Exercise description: Beginning at the line that contains "Giet de komkommers", output each line exactly through the end of the records, and drop any pictures.

---------- Data section ----------

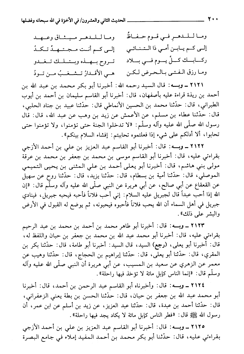 2121 - أَخْبَرَنَا أَبُو الْقَاسِمِ سُلَيْمَانُ بْنُ أَحْمَدَ بْنِ أَيُّوبَ الطَّبَرَانِيُّ، قَالَ: حَدَّثَنَا مُحَمَّدُ بْنُ الْحُسَيْنِ الْأَنْمَاطِيُّ، قَالَ: حَدَّثَنَا عُبَيْدُ بْنُ جُنَادٍ الْحَلَبِيُّ، قَالَ: حَدَّثَنَا عَطَاءُ بْنُ مُسْلِمٍ، عَنِ الْأَعْمَشِ، عَنْ زَيْدِ بْنِ وَهْبٍ، عَنْ عَبْدِ اللَّهِ، قَالَ: قَالَ رَسُولُ اللَّهِ صَلَّى اللَّهُ عَلَيْهِ وَآلِهِ وَسَلَّمَ: " لَا تَدْخُلُوا الْجَنَّةَ , حَتَّى تُؤْمِنُوا، وَلَا تُؤْمِنُوا , حَتَّى تَحَابُّوا، أَلَا أَدُلُّكُمْ عَلَى شَيْءٍ إِذَا فَعَلْتُمُوهُ , تَحَابَبْتُمْ: إِفْشَاءُ السَّلَامِ بَيْنَكُمْ "
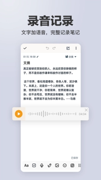 花样记事方法,能顾以文本、照片、摄影、录音和涂鸦、文件的方式记录信息
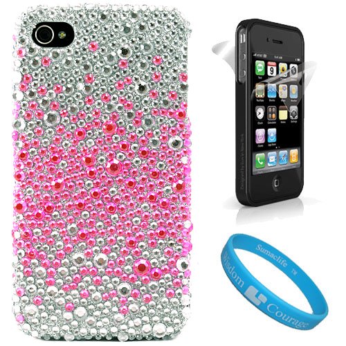 ▷▷▷Blackfriday Pink Diamante Protective Crystal Case Cover for Verizon Wireless New iPhone 4 (16GB, 32GB) 4th Generation and AT&T iPhone 4 + 2 Piece Clear Screen Protector for Front and Back of Apple iPhone 4 + SumacLife TM Wisdom Courage Wristband
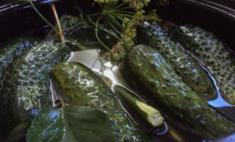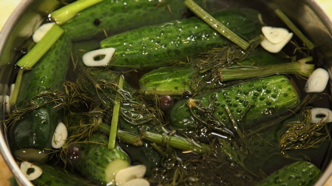 Giet de komkommers met koude pekel. Verwarm hiervoor 0,75 liter water en los hierin zout op. Combineer het warme deel met koud water, laat afkoelen en giet over de komkommers. Voeg vervolgens de overige kruiden toe. Komkommers moeten tien uur bij kamertemperatuur worden toegediend en vervolgens een dag in de koelkast.
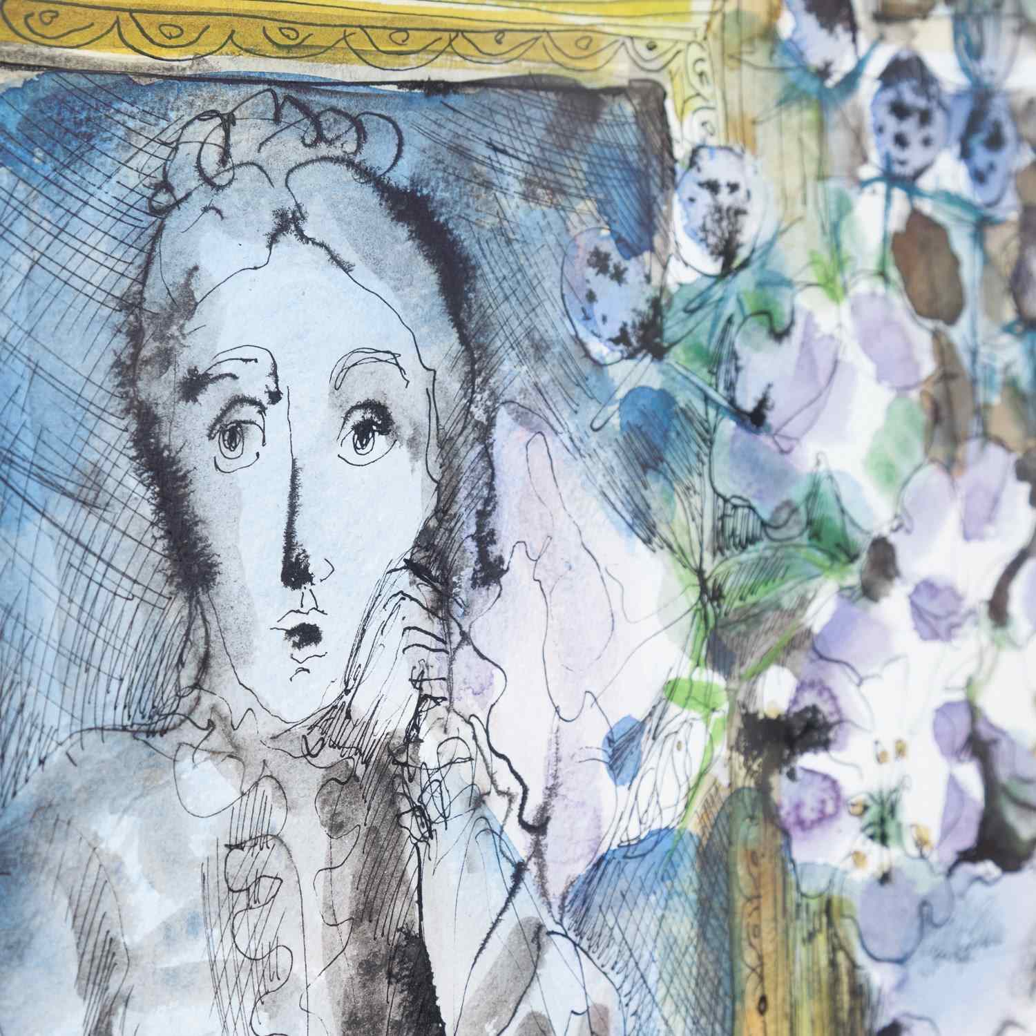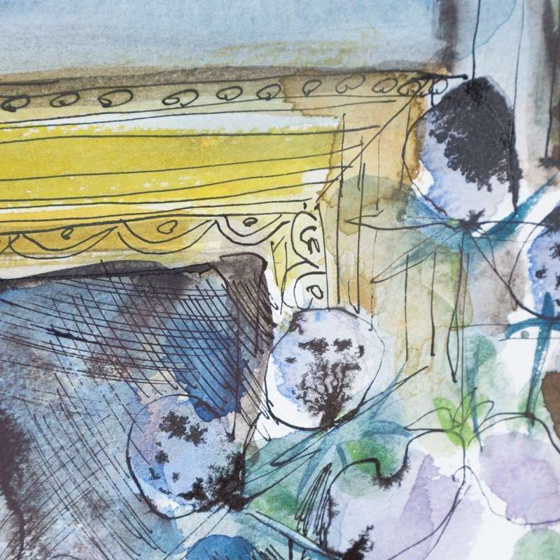 Her art has a distinctively free and ‘childlike’ in style, she utilises multiple mediums including inks, watercolours, acrylics and oils, and also produces beautiful ceramics influenced by her time with Picasso. Her colourful paintings are predominantly still-life works, taking inspiration from the natural world. They are often filled with an abundance of beautiful flowers, and frequently feature human figures that sit somewhere on the border between fantasy and reality. The paintings have been noted for this characteristically dreamlike quality, and Corbett’s gently playful use of figures in particular has been compared to the work of Marc Chagall, while her free, confident lines are said to recall Jean Cocteau. Corbett has described how her liberal upbringing in particular enabled the spontaneous and emotionally honest nature of her artworks – her ‘stories in paint’.

----------

Answer to this problem:
 Giet de komkommers met koude pekel. Verwarm hiervoor 0,75 liter water en los hierin zout op. Combineer het warme deel met koud water, laat afkoelen en giet over de komkommers. Voeg vervolgens de overige kruiden toe. Komkommers moeten tien uur bij kamertemperatuur worden toegediend en vervolgens een dag in de koelkast.
 Her art has a distinctively free and ‘childlike’ in style, she utilises multiple mediums including inks, watercolours, acrylics and oils, and also produces beautiful ceramics influenced by her time with Picasso. Her colourful paintings are predominantly still-life works, taking inspiration from the natural world. They are often filled with an abundance of beautiful flowers, and frequently feature human figures that sit somewhere on the border between fantasy and reality. The paintings have been noted for this characteristically dreamlike quality, and Corbett’s gently playful use of figures in particular has been compared to the work of Marc Chagall, while her free, confident lines are said to recall Jean Cocteau. Corbett has described how her liberal upbringing in particular enabled the spontaneous and emotionally honest nature of her artworks – her ‘stories in paint’.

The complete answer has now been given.